Я не случайно сказал «икона»: в облике Рафаэля было нечто родственное скульптурным изображениям юных мучеников и спасителя нашего на молитве. Это сходство еще усиливалось полной неподвижностью позы, вьющейся каштановой бородкой, оттенявшей бледную восковую кожу, женственной и болезненной красотой лица и незрячим, лишенным выражения взглядом.
— Сеньоры ваши сестрицы сказали мне, что... — пролепетал пораженный посетитель. — Так вот... очень это прискорбно для вас — потерять орган... Но кто знает. Есть ведь хорошие доктора...
— Ах, сеньор мой, — отозвался слепой мелодичным и проникновенным голосом, от которого скрягу бросило в дрожь, — благодарю вас за слова утешения, но они — увы! — бесполезны: надежды больше нет.
Вошла Фидела с чашкой бульона для брата и прервала наступившее было неловкое молчание. Торквемада все еще держал руку слепого, прекрасную, тонкую и белую, как у женщины.
— На все божья воля, — выпалил, наконец, скряга.
Он мучительно искал в уме подходящую к случаю фразу. — Ведь вот какое несчастье, но... судьба вознаградила вас: сестрицы ваши так добры, так вас любят.
— Это правда. Нет худа без добра, как и добра без худа, — промолвил Рафаэль, повернувшись по направлению голоса собеседника.
Крус охлаждала бульон, переливая его из чашки в блюдце и обратно. Дон Франсиско с удивлением разглядывал Рафаэля: безупречную опрятность его светлой шерстяной блузы, темных брюк и красных домашних туфель, облегавших ногу. Не так давно еще сеньорито дель Агила слыл одним из красивейших юношей в Мадриде и славился умением одеваться с безукоризненным вкусом. С потерей зрения все это утратило смысл, но любящие сестры наперебой старались одевать и наряжать его, как если бы он по-прежнему мог любоваться своей красотой перед зеркалом. Следить за внешностью брата сделалось для них делом фамильной гордости; среди всех невзгод и лишений эта прихоть была их единственной отрадой. Крус или Фидела каждое утро причесывали Рафаэля так тщательно, точно снаряжали на бал, заботливо разбирая на пробор его красивые волосы, как прежде укладывал их он сам; холили его усы и бородку. Обе они знали, что этот внимательный уход приятен ему как напоминание о беззаботной юности. «Как ты хорош!»— говорили они, чтобы доставить удовольствие брату, и сами радовались вместе с ним.
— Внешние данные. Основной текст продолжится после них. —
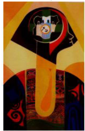
Plate 1: Artist: Tayo Adenaike Title: Burden of the Leaders Medium: Acrylic on Canvas Year: 1995
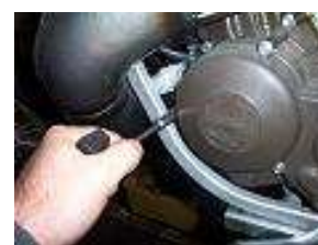
REMOVE THE IGNITION COVER USING AN 8MM WRENCH.
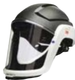
3M™ Versaflo™ M-300 Series Helmets for respiratory eye, face and head protection:

M-107 features a flame resistant faceseal for applications with hot particles. Fabric material: flame resistant polyester.
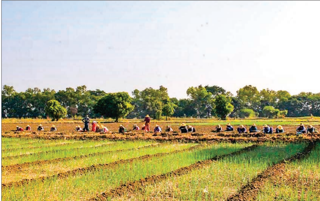
Onion growers planting winter onion on nursery in 2016.

ONION nurseries in Monywa Township, Sagaing Region were destroyed by torrential rain last month, causing the price of seeds to rise, said onion growers.
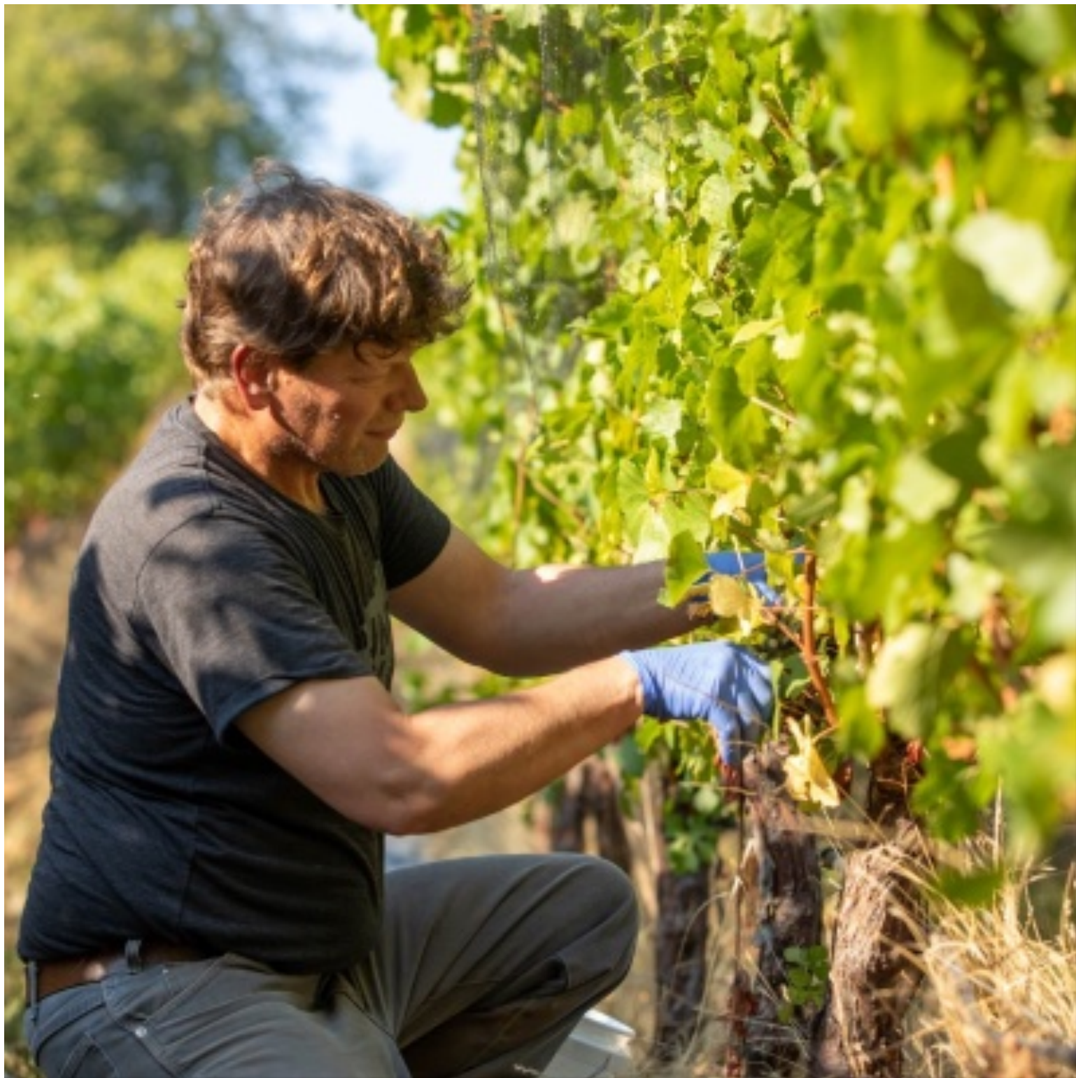
Chemeketa Wine Studies Program
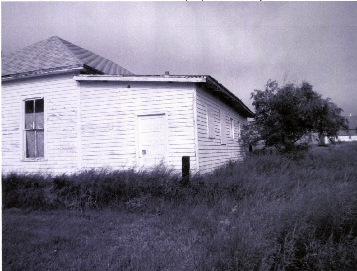
Park School #1 North Side 6/26/2012 Kathy Wilner ML
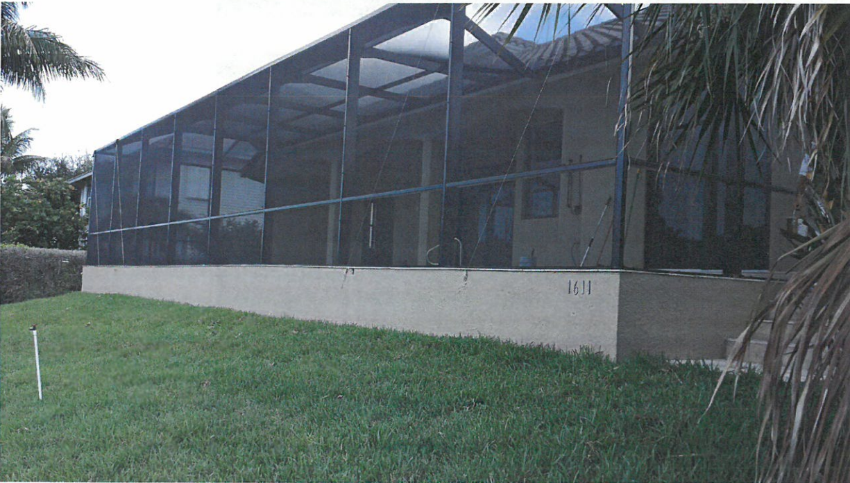
REAR VIEW – 07/29/2013
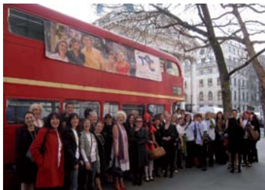
The therapists tour London in style!

Фидела ежедневно мыла ему руки душистой водой, заботливо подстригая ногти, и их красота была плодом ее терпения и преданной заботы. Во тьме его печальной жизни прикосновение мягких рук сестры утешало и радовало Рафаэля. Чистота словно вознаграждала его за слепоту. Вода вместо света? Это может показаться надуманным, но Рафаэль находил некоторое сходство между тем и другим.
Я говорил уже о благородной осанке и прекрасном лице слепого, холеных руках и маленьких, словно у женщины, ногах безупречной формы. Сестрам и в голову не приходило, что ослепший брат, почти безвыходно сидевший дома, не нуждается в обуви. Они гордились его маленькой ступней, воплощавшей для них аристократическую древность рода дель Агила, и скорее лишили бы себя куска хлеба, пошли бы на любые жертвы, чем оставить брата без хороших башмаков. Они заказывали самую изящную сафьяновую обувь, требуя от сапожника особой тщательности. Бедный слепой не видел своих прелестных туфель, но он их ощущал, и сестры радовались, что живут с братом общей жизнью и общими чувствами. Бедность не позволяла им ежедневно подавать Рафаэлю свежую сорочку; впрочем, в том не было и нужды: его платье не грязнилось неделями. Однако белье ему меняли все же чаще, чем это требовалось. А уж, сколько хлопот доставлял галстук! «Сегодня ты наденешь голубой в полоску, — серьезно говорила Фидела, — и булавку с бирюзой». Рафаэль соглашался, а иной раз, желая угодить сестрам, просил повязать себе другой галстук. Необыкновенная опрятность несчастного юноши поразила дона Франсиско, хотя в этом доме было немало и других поводов для изумления. Никогда не видывал он такого чистого жилища. Полы, — далеко не везде, правда, покрытые коврами, — такие, что хоть ешь на них; на стенах ни пятнышка; дверные ручки ослепительно сверкают. И весь этот блеск наведен руками женщин, которые, по словам доньи Лупе, питаются одним лишь воздухом! Каким чудом добывают они средства к жизни? Откуда берут деньги на пропитание? Влезают в неоплатные долги? Или растягивают жалкие гроши с фантастической изворотливостью? Стоит приглядеться, стоит поучиться этому и намотать себе на ус, как жизненный урок! Вот о чем думал процентщик, пока Рафаэль пил свой уже остывший бульон.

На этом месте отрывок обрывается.